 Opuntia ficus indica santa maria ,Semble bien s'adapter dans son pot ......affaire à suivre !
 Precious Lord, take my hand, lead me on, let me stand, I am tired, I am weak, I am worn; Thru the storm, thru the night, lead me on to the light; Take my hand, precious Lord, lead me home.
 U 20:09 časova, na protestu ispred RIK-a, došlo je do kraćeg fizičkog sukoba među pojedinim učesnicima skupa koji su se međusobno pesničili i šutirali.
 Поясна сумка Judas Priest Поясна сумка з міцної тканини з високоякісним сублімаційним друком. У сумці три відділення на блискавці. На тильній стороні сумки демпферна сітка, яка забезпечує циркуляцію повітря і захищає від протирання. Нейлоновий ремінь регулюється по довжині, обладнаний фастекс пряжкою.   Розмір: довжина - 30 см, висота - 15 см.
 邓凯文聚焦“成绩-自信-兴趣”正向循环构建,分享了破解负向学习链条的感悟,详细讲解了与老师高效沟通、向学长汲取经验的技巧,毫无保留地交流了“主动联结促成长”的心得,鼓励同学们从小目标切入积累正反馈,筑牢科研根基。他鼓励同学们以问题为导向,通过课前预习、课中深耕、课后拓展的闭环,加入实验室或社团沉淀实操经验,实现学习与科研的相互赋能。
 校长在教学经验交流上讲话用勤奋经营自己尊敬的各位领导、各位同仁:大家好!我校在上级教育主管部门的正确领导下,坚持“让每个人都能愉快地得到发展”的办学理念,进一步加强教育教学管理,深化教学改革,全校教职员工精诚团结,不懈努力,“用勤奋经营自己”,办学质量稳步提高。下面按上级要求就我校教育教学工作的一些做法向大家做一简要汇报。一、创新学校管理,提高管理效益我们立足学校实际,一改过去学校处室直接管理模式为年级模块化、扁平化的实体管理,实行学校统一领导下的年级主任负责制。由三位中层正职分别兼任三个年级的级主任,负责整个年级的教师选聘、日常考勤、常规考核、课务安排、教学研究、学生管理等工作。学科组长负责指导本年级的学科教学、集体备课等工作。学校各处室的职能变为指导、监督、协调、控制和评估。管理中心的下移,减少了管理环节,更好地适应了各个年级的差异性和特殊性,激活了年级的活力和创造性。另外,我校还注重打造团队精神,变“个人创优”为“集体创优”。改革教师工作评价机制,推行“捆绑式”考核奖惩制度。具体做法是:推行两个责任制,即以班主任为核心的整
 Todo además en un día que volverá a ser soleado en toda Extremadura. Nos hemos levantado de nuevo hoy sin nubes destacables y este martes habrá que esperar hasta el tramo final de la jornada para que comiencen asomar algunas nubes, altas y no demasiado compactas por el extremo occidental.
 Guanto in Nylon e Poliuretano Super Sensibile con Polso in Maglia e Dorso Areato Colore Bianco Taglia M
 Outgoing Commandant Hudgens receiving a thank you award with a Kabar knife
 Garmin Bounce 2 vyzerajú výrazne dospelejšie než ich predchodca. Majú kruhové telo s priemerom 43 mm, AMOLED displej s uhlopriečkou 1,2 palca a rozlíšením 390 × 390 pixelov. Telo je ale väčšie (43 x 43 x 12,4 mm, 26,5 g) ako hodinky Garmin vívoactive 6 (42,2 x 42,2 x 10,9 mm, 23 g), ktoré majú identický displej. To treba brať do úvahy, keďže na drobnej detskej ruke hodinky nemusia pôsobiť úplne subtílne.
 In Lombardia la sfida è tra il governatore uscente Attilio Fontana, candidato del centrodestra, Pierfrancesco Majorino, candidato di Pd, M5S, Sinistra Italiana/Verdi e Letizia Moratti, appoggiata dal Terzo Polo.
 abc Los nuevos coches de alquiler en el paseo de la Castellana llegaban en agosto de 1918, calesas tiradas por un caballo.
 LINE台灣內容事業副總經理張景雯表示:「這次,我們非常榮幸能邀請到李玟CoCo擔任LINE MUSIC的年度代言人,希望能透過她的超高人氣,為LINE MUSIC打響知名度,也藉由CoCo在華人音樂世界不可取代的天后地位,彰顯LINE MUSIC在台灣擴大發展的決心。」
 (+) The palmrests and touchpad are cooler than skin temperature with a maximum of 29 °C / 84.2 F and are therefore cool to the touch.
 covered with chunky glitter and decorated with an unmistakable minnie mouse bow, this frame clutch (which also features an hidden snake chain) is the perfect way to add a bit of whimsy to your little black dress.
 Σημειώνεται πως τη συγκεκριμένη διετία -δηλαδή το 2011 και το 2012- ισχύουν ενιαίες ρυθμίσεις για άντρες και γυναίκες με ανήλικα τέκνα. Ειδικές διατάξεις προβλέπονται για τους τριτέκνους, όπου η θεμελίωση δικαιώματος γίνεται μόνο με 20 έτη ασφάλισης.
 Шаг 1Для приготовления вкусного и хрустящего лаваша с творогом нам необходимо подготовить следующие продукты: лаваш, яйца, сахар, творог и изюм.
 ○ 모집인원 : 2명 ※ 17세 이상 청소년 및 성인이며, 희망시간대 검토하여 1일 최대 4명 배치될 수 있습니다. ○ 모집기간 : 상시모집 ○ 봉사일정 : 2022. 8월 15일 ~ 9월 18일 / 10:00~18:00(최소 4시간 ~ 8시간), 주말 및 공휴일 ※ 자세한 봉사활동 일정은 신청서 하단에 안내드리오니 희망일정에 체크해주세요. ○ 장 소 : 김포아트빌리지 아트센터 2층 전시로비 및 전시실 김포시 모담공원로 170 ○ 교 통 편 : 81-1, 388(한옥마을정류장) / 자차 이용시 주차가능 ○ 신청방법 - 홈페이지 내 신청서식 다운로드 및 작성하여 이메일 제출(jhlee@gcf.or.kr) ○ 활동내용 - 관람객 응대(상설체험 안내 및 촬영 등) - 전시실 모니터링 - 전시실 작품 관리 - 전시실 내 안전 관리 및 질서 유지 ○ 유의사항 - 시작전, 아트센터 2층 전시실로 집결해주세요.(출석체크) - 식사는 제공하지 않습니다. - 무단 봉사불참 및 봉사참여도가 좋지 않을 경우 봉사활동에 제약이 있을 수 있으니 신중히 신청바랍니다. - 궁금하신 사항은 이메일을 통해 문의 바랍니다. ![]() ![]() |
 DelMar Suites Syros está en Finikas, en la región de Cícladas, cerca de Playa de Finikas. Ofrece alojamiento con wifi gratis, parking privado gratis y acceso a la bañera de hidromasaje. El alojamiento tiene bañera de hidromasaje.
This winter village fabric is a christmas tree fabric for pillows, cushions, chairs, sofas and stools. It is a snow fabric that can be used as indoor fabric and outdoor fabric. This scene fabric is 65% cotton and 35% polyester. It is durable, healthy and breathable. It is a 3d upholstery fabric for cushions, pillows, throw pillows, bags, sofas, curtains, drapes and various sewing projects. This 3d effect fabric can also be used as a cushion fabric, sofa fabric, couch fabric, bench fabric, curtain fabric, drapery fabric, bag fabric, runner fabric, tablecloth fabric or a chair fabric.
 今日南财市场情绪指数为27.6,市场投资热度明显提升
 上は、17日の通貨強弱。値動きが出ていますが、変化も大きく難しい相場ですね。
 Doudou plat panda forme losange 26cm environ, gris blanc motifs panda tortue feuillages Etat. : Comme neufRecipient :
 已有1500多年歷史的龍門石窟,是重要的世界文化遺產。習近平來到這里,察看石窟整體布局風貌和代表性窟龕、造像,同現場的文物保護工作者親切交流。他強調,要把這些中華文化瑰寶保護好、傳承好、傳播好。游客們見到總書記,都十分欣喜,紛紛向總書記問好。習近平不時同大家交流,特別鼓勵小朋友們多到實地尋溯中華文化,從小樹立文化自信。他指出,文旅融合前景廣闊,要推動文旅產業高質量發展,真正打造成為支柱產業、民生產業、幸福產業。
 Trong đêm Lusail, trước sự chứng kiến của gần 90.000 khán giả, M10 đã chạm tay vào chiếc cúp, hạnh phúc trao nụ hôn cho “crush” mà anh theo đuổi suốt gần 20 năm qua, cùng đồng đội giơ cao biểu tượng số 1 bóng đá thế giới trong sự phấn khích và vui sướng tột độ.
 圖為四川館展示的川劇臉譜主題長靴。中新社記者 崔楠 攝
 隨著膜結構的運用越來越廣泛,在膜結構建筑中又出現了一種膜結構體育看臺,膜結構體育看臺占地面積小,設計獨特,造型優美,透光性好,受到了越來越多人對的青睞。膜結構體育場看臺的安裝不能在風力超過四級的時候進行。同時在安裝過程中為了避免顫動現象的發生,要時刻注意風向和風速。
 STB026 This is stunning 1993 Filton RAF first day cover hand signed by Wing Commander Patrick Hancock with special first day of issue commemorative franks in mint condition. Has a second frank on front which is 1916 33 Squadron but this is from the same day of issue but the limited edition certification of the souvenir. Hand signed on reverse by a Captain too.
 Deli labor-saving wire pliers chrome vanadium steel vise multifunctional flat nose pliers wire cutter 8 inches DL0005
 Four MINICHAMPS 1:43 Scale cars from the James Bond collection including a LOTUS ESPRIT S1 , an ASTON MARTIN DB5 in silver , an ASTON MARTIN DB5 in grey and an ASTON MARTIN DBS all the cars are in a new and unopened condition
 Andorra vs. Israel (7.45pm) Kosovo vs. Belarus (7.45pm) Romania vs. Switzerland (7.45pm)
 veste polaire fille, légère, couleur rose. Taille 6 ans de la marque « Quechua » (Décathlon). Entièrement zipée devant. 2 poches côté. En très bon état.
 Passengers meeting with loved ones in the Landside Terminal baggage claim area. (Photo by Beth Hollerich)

→ **Try it**:
In the entries above, find the line with "上は、17日の通貨強弱。値動きが出ていますが、変化も大きく難しい相場ですね。" and the line with "Deli labor-saving wire", then restate word for word both of them and every line between, with nothing more.

→ **Completed exercise**:
 上は、17日の通貨強弱。値動きが出ていますが、変化も大きく難しい相場ですね。
 Doudou plat panda forme losange 26cm environ, gris blanc motifs panda tortue feuillages Etat. : Comme neufRecipient :
 已有1500多年歷史的龍門石窟,是重要的世界文化遺產。習近平來到這里,察看石窟整體布局風貌和代表性窟龕、造像,同現場的文物保護工作者親切交流。他強調,要把這些中華文化瑰寶保護好、傳承好、傳播好。游客們見到總書記,都十分欣喜,紛紛向總書記問好。習近平不時同大家交流,特別鼓勵小朋友們多到實地尋溯中華文化,從小樹立文化自信。他指出,文旅融合前景廣闊,要推動文旅產業高質量發展,真正打造成為支柱產業、民生產業、幸福產業。
 Trong đêm Lusail, trước sự chứng kiến của gần 90.000 khán giả, M10 đã chạm tay vào chiếc cúp, hạnh phúc trao nụ hôn cho “crush” mà anh theo đuổi suốt gần 20 năm qua, cùng đồng đội giơ cao biểu tượng số 1 bóng đá thế giới trong sự phấn khích và vui sướng tột độ.
 圖為四川館展示的川劇臉譜主題長靴。中新社記者 崔楠 攝
 隨著膜結構的運用越來越廣泛,在膜結構建筑中又出現了一種膜結構體育看臺,膜結構體育看臺占地面積小,設計獨特,造型優美,透光性好,受到了越來越多人對的青睞。膜結構體育場看臺的安裝不能在風力超過四級的時候進行。同時在安裝過程中為了避免顫動現象的發生,要時刻注意風向和風速。
 STB026 This is stunning 1993 Filton RAF first day cover hand signed by Wing Commander Patrick Hancock with special first day of issue commemorative franks in mint condition. Has a second frank on front which is 1916 33 Squadron but this is from the same day of issue but the limited edition certification of the souvenir. Hand signed on reverse by a Captain too.
 Deli labor-saving wire pliers chrome vanadium steel vise multifunctional flat nose pliers wire cutter 8 inches DL0005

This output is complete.